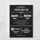 This fun black and white theatre wedding invitation features a decoration on top with the words "A Wedding Production" right below and the word "Starring." The names of the bride and groom appear in a fun typography with the first names larger than the last names. Below the names you can customise the event you are inviting your guests to. The fun typography continues on the invites in the way the details of the wedding are written. This is a great invite for anyone interested in the theatre or interested in adding some fun to their wedding invitation. Copyright henishouseofpaper
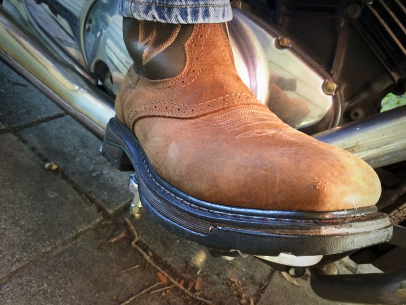 My foot is a tad wide and this boot felt great, particularly in the area of the heel. The steel toe of the Wolverine Javelina High Plains cowboy boots offers the protection you need without being obnoxious, and it left enough room to get it underneath the shifter of my cruiserโ€”something I have trouble with when wearing some booths with a high upper. The sizing runs about right on these and I found that just a normal cotton sock was enough to provide the comfort I needed, though a boot sock wouldnโ€™t be problematic either and would provide a more snug fit.
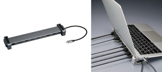 - 10ポートを搭載したドッキングステーションとノートPCスタンドが1つにまとまる
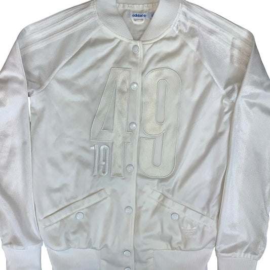VTG 'ADIDAS' WHITE '1949' EMBOSSED SNAP BUTTON WOMENS BOMBER TRACK JACKET M 12

Exercise details ::
Drop the pictures and set down the data above exactly.

Solution to the exercise ::
 This fun black and white theatre wedding invitation features a decoration on top with the words "A Wedding Production" right below and the word "Starring." The names of the bride and groom appear in a fun typography with the first names larger than the last names. Below the names you can customise the event you are inviting your guests to. The fun typography continues on the invites in the way the details of the wedding are written. This is a great invite for anyone interested in the theatre or interested in adding some fun to their wedding invitation. Copyright henishouseofpaper
 My foot is a tad wide and this boot felt great, particularly in the area of the heel. The steel toe of the Wolverine Javelina High Plains cowboy boots offers the protection you need without being obnoxious, and it left enough room to get it underneath the shifter of my cruiserโ€”something I have trouble with when wearing some booths with a high upper. The sizing runs about right on these and I found that just a normal cotton sock was enough to provide the comfort I needed, though a boot sock wouldnโ€™t be problematic either and would provide a more snug fit.
 - 10ポートを搭載したドッキングステーションとノートPCスタンドが1つにまとまる
VTG 'ADIDAS' WHITE '1949' EMBOSSED SNAP BUTTON WOMENS BOMBER TRACK JACKET M 12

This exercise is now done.